* [Task directions]
Nothing but the lines from the one showing "3 „ 35 „ 65–58–62" through the final line of the data below belongs in the answer, duplicated exactly and without pictures.

* [Provided data]
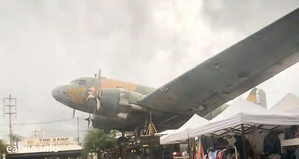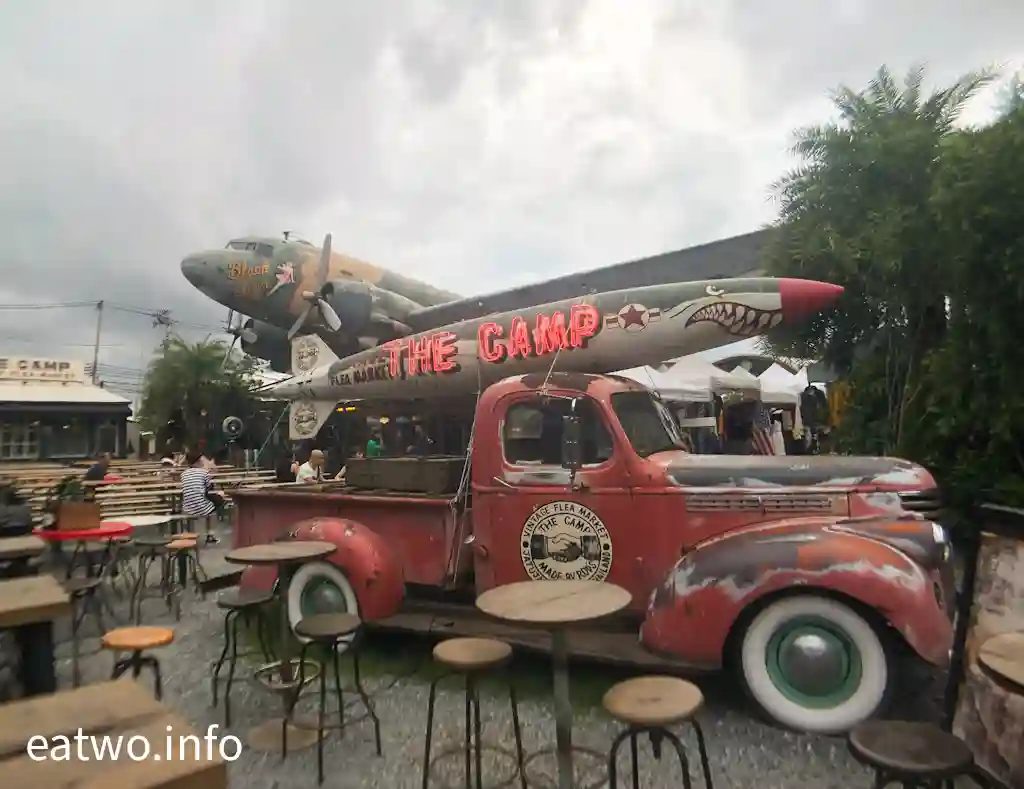 最特別之處,係攤販店舖都係以古董車、帳幕等設計,酒吧、美食區、咖啡館應有盡有,coffee and bar隨意任揀;跳蚤市場服裝店更有懷舊服飾、二手家品等售賣。此外,場內重有一架巨型飛機,打卡必到!
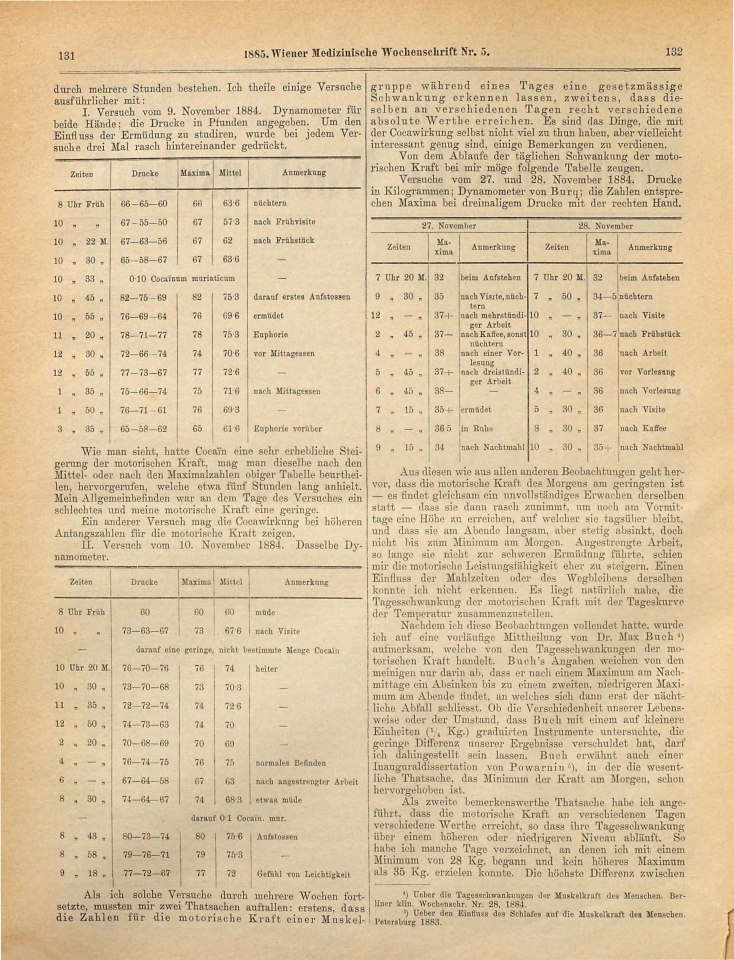 3 „ 35 „ 65–58–62 65 61,6 Euphorie vorüberWie man sieht, hatte Cocaïn eine sehr erhebliche Steigerung der motorischen
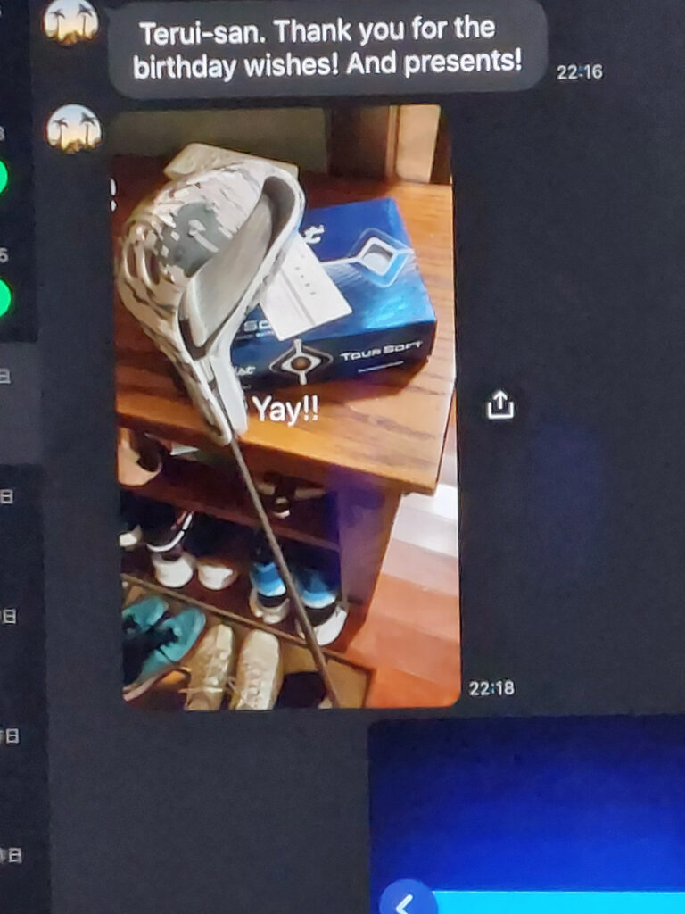PS.昨日は、ゴルフ友達でライバルのトーマスの61歳の誕生日!!!仕事前に、誕生日のプレゼントにドライバーのヘッドカバーとタイトリストのボールを1ダース持って行きました。ボールは自分より飛距離が出るので、OBが出やすいので、あっても困らないはずです!!!

* [Answer to this problem]
 3 „ 35 „ 65–58–62 65 61,6 Euphorie vorüberWie man sieht, hatte Cocaïn eine sehr erhebliche Steigerung der motorischen
PS.昨日は、ゴルフ友達でライバルのトーマスの61歳の誕生日!!!仕事前に、誕生日のプレゼントにドライバーのヘッドカバーとタイトリストのボールを1ダース持って行きました。ボールは自分より飛距離が出るので、OBが出やすいので、あっても困らないはずです!!!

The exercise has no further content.